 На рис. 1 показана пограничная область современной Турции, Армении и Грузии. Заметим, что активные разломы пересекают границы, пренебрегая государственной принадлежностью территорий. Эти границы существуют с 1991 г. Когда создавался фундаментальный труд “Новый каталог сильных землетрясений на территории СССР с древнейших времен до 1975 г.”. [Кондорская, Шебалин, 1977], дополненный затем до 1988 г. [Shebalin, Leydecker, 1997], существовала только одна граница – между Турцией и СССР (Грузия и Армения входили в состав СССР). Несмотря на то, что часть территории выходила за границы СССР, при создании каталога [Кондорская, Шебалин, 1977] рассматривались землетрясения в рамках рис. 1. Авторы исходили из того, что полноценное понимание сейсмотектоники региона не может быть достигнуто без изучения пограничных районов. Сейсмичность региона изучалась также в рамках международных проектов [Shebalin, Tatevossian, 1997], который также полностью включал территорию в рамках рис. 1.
────────────────────
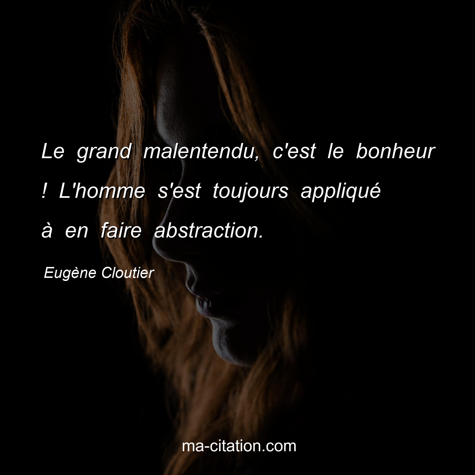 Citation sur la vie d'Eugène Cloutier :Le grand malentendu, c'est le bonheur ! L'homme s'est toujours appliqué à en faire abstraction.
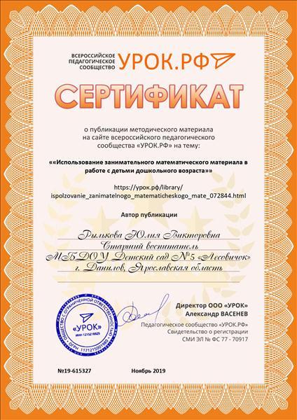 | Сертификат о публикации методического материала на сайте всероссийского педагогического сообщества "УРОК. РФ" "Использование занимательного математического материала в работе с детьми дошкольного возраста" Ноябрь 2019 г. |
────────────────────
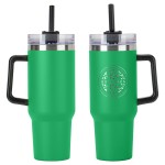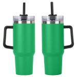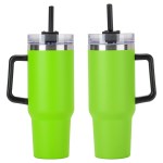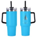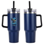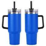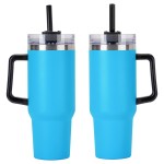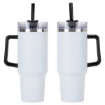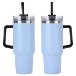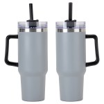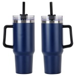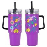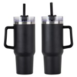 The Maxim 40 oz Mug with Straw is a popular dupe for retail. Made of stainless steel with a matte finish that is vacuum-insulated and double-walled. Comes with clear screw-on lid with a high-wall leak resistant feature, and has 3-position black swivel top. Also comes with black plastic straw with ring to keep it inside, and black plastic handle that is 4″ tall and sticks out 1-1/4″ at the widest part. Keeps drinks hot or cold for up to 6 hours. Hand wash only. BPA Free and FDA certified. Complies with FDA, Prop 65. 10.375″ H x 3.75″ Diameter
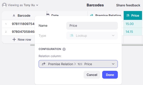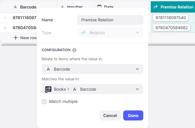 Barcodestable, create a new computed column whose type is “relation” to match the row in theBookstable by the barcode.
────────────────────
An exact transcription is needed of the lines from the one with "The Maxim 40" to the one with "Barcodestable, create a" above, both ends included, with pictures left out.

 The Maxim 40 oz Mug with Straw is a popular dupe for retail. Made of stainless steel with a matte finish that is vacuum-insulated and double-walled. Comes with clear screw-on lid with a high-wall leak resistant feature, and has 3-position black swivel top. Also comes with black plastic straw with ring to keep it inside, and black plastic handle that is 4″ tall and sticks out 1-1/4″ at the widest part. Keeps drinks hot or cold for up to 6 hours. Hand wash only. BPA Free and FDA certified. Complies with FDA, Prop 65. 10.375″ H x 3.75″ Diameter
 Barcodestable, create a new computed column whose type is “relation” to match the row in theBookstable by the barcode.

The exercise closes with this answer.